Agronomist says it’s an unusual year for soybeans

An agronomist says the timing of rain in a dry growing season helped some short-season soybean varieties outperform their full-season counterparts.

Bob Berkovich with Pioneer in Wisconsin says it’s no surprise the lack of moisture during critical development times is driving soybean yield results. “Some growers are talking about 80 bushels of soybeans on the lower, better parts of a field and then as you go up the hill and get onto some ridge ground or different soil types with less water holding capacity, those yields are dropping down to 25, 30, 40 bushels an acre.”

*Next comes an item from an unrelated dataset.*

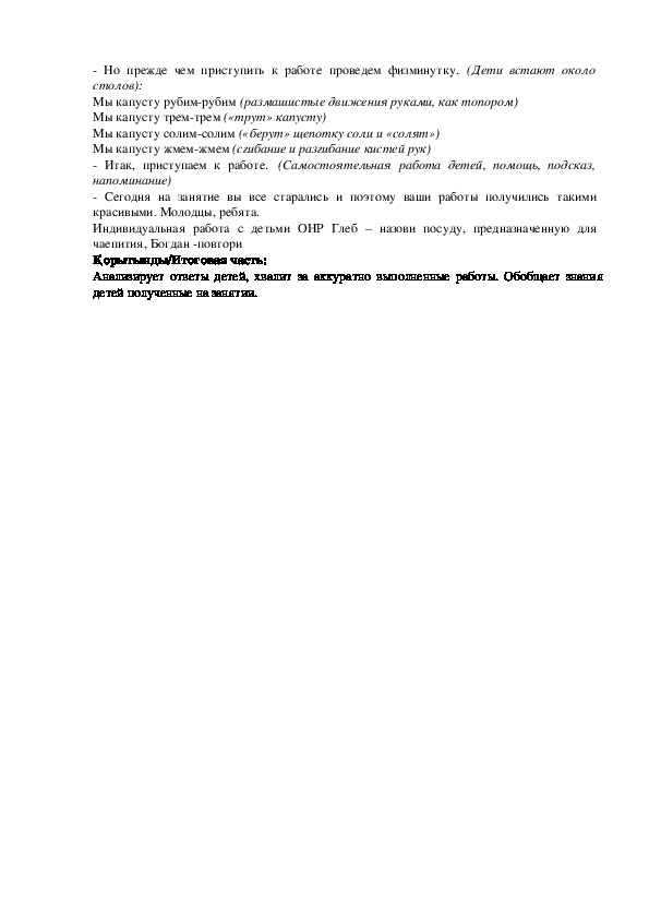 Анализирует ответы детей, хвалит за аккуратно выполненные работы. Обобщает знания

Berkovich says it’s an unusual year, as some of the early maturity soybeans handled the timing of the rain better. “Last week, we took off a plot in the Randolph (WI) area, and earlier maturity varieties in that 1-8 to 2-0 range yielded 10 to 15 bushels an acre better than the 2-5 and the 2-8 beans in that plot.”

Berkovich says the mid-August rains likely saved the soybean crop, but the plants needed more rain during late flowering and early pod fill stages. “We saw a lot of pod abortion. We saw abortion of individual seeds within pods, so instead of that soybean pod having three to four beans, maybe it was down to three or two, or even just one.”

Berkovich says farmers should continue to plant the full-season soybean varieties, because in most years, that will lead to better results.